Summary URTeC 1619973 Tight unconventional reservoirs have become an increasingly common target for hydrocarbon production. Exploitation of these resources requires a comprehensive reservoir description and characterization program to estimate reserves, identify properties which control production and account for fracturability. Multiscale imaging studies from whole core to the nanometer scale can aid in understanding the multiple contributions of heterogeneity, fracture density, pore types, pore connectivity, mineralogy and organic content to the petrophysical response and production characteristics. In this paper we describe examples of the application of a multiscale imaging and analysis method to characterize challenging unconventional reservoirs which incorporates: Geological rock typing and heterogeneity characterization at the core/plug scale (3D imaging and conventional descriptions); Mineralogy, primary grain structure and porosity/microporosity characterization at the pore scale via a range of 3D imaging technology (CT, micro-CT); SEM/SEM-EDS/FIBSEM analysis to reveal the nanoporous structure of important pore types (e.g, secondary porosity, microporous matrix, diagenetic minerals including clays); SEM and micro-CT analysis of wettability (applicable for oil reservoirs); Integration of image data to generate 3D model structures that honour the primary grain structure and accurately capture the nanoporous regions.
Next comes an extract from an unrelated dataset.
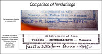 Further, the handwritten dedication on the label corresponds adequately with an example of 15 years later, reproduced in René Vannes' Dictionnaire Universel de Luthiers, 1999 edition (label 2956), to conclude that it is by the same writer (see photos).

The generation of integrated image-based microstructures provides the basis for the computation of key petrophysical and multiphase flow properties which impact on the storage capacity and production characteristics of the samples. Petrophysical properties are first calculated on various pore types at representative scales; these predictions are then upscaled to estimate the contributions to permeability, formation factor and elastic response of the key constituent phases (e.g., porosity and permeability associated with clays, slot-like pores, cement, and partially dissolved minerals (e.g. feldspars)) at the plug scale. Estimation of drainage relative permeability and capillary pressure from 3D image data and modelling are compared and predictions of flow properties derived. These predictions are compared/calibrated to high quality experimental data on the same or sister core material.